Description of the task: For this exercise, write out only the lines of the entries below from the one with "Filtrar usuário sem" up to and including the one with "国家安全是国家发展的最重要基", exactly as they are. Pictures stay out.

Supplied material:
● ● ● ● ●

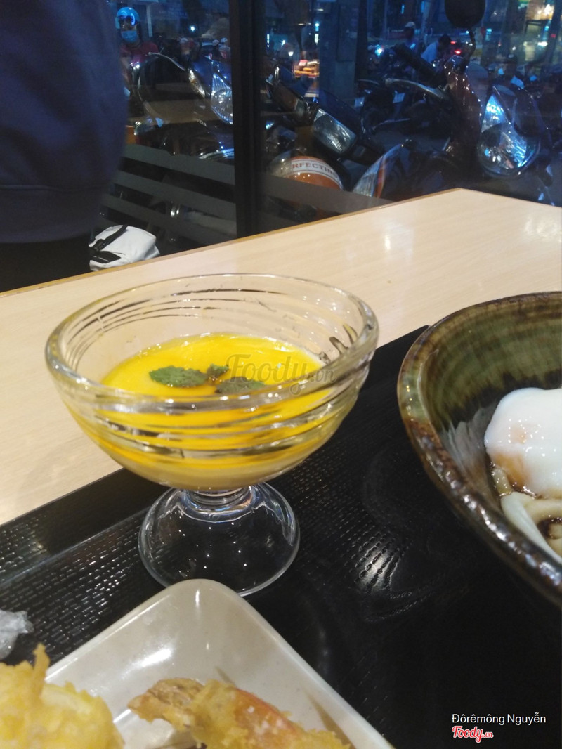 7.8Riêng tư để đi ăn 1 mình!!Đi làm về đói sớm nên đành tạt qua quán ăn, gọi phần mì số 5 - bò trứng (khô) size nhỏ, 2 món tempura và dessert pudding chanh dây ăn no luôn. Đi trễ nên ngồi trên lầu được. Hơi đông nhưng không ồn ào, ăn một mình cũng không bị dòm ngó. Trên lầu sạch sẽ, nội thất gỗ kiểu style Nhật luôn mà hình như không có ngồi bệt nên mình thấy đỡ. Udon ngon, sợi dày nên no lâu. Tempura trứng lòng đào với chả cá vừa ăn, ngon mà cũng tương đối lạ. Phục vụ nhanh nhẹn, ngồi trên lầu được gửi khay đưa thang máy lên giùm nữa. ...Xem thêm
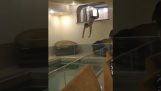 Σε ένα δάσος στο Port Alberni του Καναδά, ένα ελικόπτερο προσγειώνεται σε μια μικρή ξύλινη πλατφόρμα για να παραλάβει έναν ξυλοκόπο.
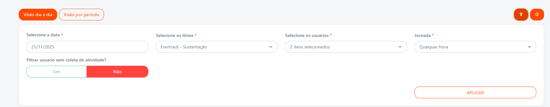 Filtrar usuário sem coleta de atividades(Disponível apenas na visão dia a dia): Esse filtro permite identificar, no dia selecionado, quantos usuários estiveram online e quantos não tiveram nenhuma coleta registrada.
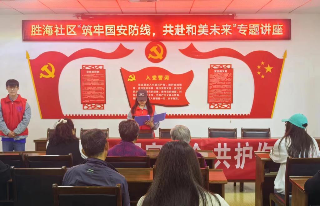 国家安全是国家发展的最重要基石、人民福祉的最根本保障。为加强国家安全法治宣传教育,深入宣传国家安全相关法律法规,着力提升民众的国家安全意识,2024年4月19日,英国365集团公司官网“青衿之志”志愿服务队前往胜海社区开展“筑牢国安防线,共赴和美未来”主题宣讲活动。
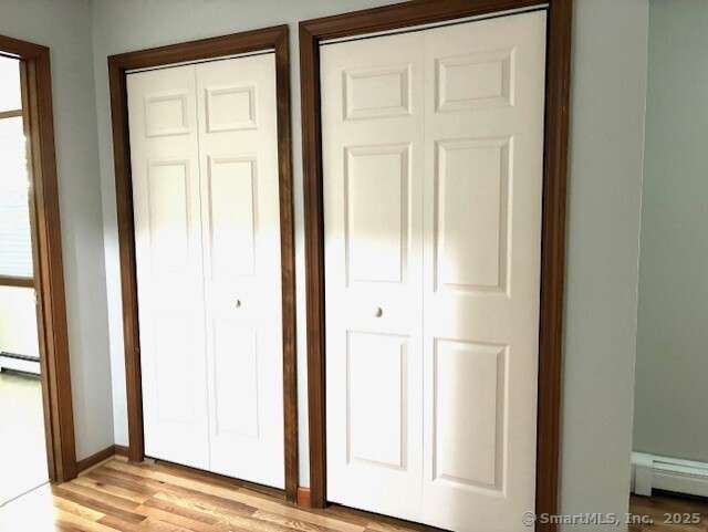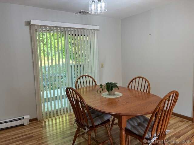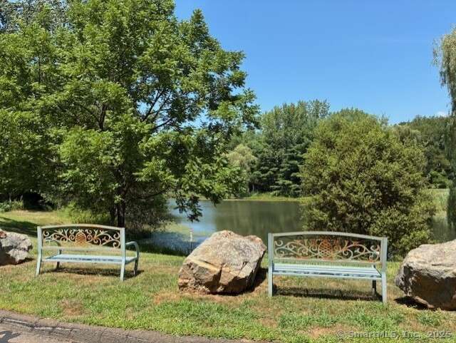 CITY WATER, NATURAL GAS, CENTRAL AIR, WATER VIEW! Airy and Bright unit with sliders off spacious dining room to a private extra large deck. Great views of the pond from LR. This is a wonderful free-standing unit with a 2 car attached garage. Recently painted throughout with new laminate wood flooring, and upgraded appliances. First floor primary bedroom with walk in closet and full bath. Larger second bedroom on upper level also has spacious storage, full bath and laundry. A first floor laundry is also possible, if preferred. Close to Town Center, Highway access, shopping, and restaurants, and schools, this complex is a tucked away haven from the hectic world.

● ● ● ● ●

Written response:
 Filtrar usuário sem coleta de atividades(Disponível apenas na visão dia a dia): Esse filtro permite identificar, no dia selecionado, quantos usuários estiveram online e quantos não tiveram nenhuma coleta registrada.
 国家安全是国家发展的最重要基石、人民福祉的最根本保障。为加强国家安全法治宣传教育,深入宣传国家安全相关法律法规,着力提升民众的国家安全意识,2024年4月19日,英国365集团公司官网“青衿之志”志愿服务队前往胜海社区开展“筑牢国安防线,共赴和美未来”主题宣讲活动。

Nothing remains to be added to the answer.